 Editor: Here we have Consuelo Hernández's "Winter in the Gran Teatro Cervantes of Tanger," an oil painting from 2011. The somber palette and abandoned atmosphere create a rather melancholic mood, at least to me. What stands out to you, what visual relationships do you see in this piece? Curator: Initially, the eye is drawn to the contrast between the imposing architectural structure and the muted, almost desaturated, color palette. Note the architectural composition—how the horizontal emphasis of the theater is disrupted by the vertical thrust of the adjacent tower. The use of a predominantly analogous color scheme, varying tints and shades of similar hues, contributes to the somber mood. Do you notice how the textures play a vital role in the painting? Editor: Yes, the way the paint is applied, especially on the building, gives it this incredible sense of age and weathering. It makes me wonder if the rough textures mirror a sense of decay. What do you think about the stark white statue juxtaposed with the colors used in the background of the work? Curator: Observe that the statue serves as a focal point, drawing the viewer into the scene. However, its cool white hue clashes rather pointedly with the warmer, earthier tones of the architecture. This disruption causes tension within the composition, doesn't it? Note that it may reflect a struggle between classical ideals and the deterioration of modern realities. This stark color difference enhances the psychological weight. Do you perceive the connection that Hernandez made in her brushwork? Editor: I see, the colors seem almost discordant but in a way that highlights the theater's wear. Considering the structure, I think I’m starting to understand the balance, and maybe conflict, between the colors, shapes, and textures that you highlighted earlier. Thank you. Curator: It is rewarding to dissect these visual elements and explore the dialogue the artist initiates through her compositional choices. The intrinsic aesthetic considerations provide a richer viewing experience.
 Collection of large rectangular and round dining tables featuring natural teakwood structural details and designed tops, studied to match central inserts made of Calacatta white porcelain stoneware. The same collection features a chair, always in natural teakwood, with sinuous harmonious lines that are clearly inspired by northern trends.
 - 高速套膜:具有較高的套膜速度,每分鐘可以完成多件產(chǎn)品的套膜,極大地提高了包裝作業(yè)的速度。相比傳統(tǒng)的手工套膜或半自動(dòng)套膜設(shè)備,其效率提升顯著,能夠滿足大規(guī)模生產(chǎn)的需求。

· · ·

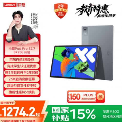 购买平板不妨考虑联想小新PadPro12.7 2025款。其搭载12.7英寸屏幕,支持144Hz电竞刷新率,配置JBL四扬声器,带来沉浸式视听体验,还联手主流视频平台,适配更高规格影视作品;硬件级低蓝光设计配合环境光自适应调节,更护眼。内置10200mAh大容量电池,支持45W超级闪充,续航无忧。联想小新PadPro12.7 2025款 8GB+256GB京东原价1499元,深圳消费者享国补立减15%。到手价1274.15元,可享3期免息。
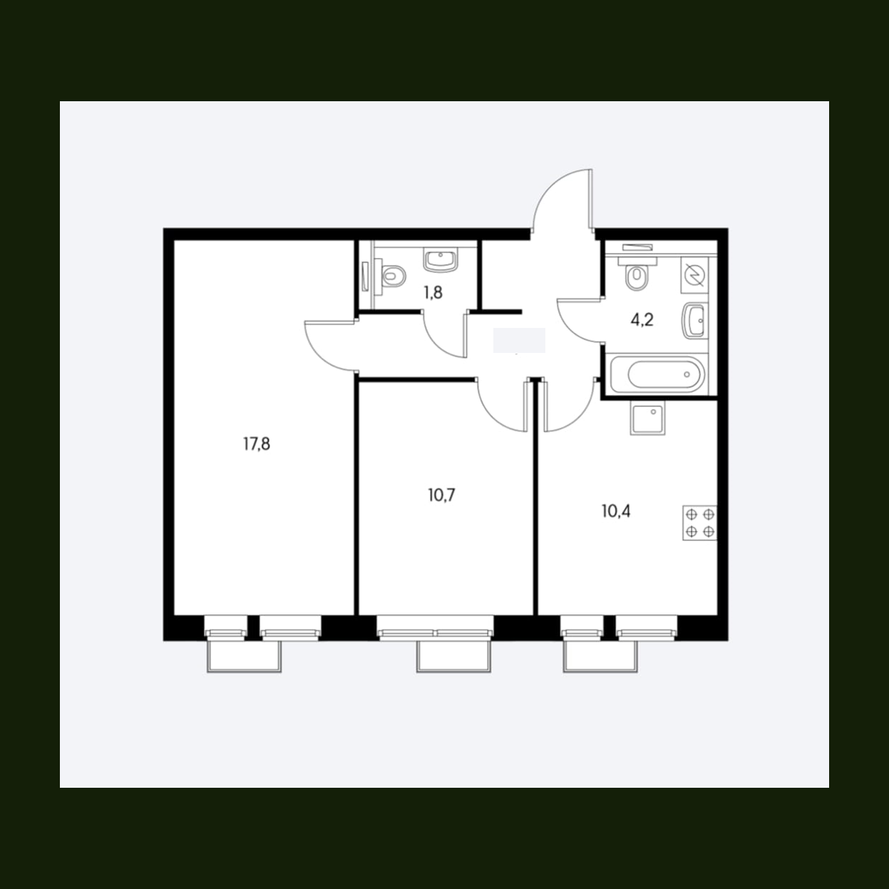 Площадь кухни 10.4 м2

· · ·

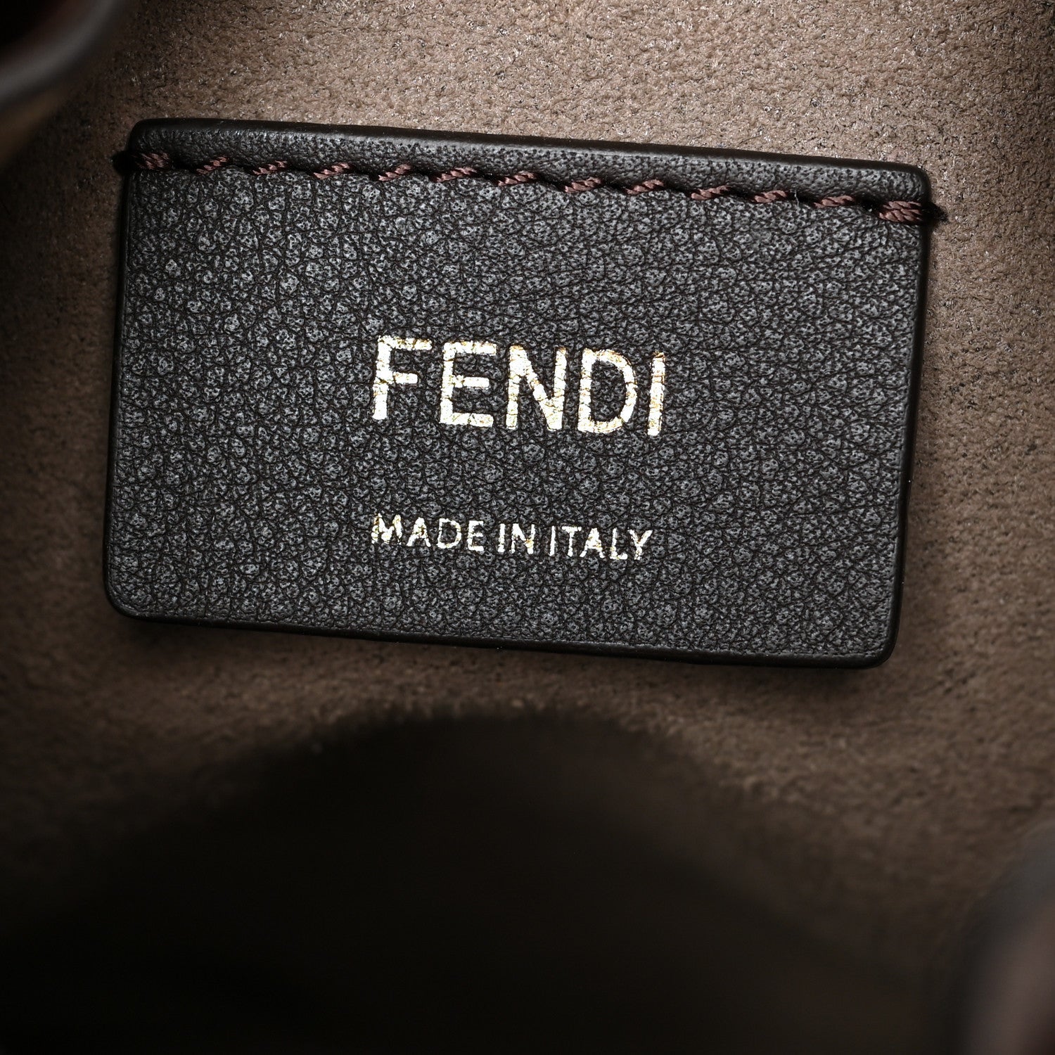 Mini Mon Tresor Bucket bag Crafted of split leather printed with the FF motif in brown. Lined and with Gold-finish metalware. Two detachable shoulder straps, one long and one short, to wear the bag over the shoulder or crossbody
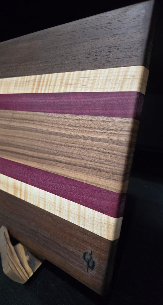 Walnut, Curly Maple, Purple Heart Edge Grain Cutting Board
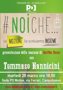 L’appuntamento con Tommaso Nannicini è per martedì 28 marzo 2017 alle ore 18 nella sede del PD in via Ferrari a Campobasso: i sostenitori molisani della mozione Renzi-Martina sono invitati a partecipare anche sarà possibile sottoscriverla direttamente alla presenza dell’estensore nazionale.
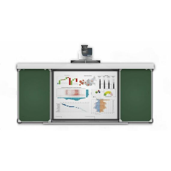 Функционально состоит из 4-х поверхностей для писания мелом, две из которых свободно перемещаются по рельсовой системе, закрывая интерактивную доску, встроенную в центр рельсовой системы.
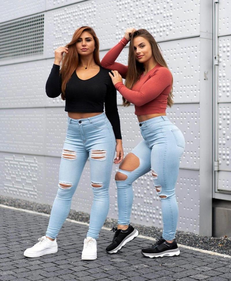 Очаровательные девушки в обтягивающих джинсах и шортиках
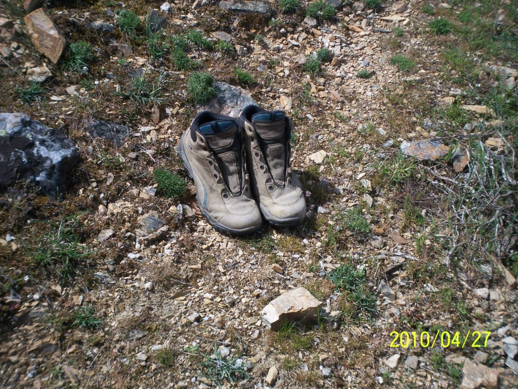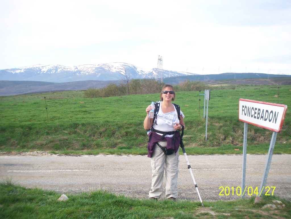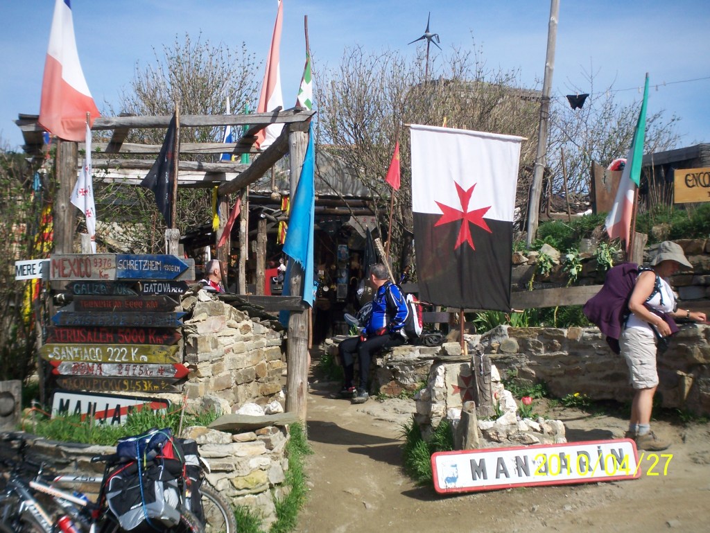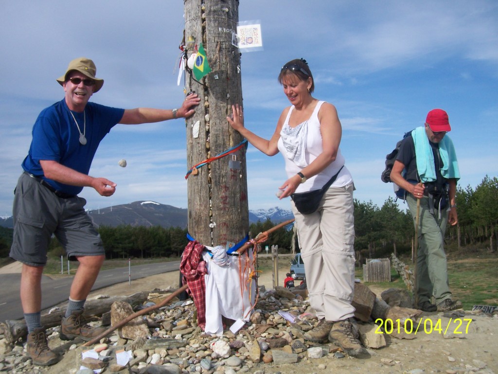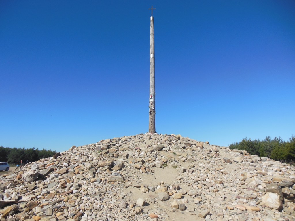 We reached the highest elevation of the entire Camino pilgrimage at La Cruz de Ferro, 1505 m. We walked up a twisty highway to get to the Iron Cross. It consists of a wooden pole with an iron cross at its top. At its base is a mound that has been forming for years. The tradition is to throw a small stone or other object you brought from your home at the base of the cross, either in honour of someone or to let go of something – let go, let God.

· · ·

TRY IT »
For this exercise, set down the lines in the entries above from the one with "Walnut, Curly Maple, Purple" through the one with "L’appuntamento con Tommaso" exactly as written, without any pictures.

EXERCISE RESPONSE »
 Walnut, Curly Maple, Purple Heart Edge Grain Cutting Board
 L’appuntamento con Tommaso Nannicini è per martedì 28 marzo 2017 alle ore 18 nella sede del PD in via Ferrari a Campobasso: i sostenitori molisani della mozione Renzi-Martina sono invitati a partecipare anche sarà possibile sottoscriverla direttamente alla presenza dell’estensore nazionale.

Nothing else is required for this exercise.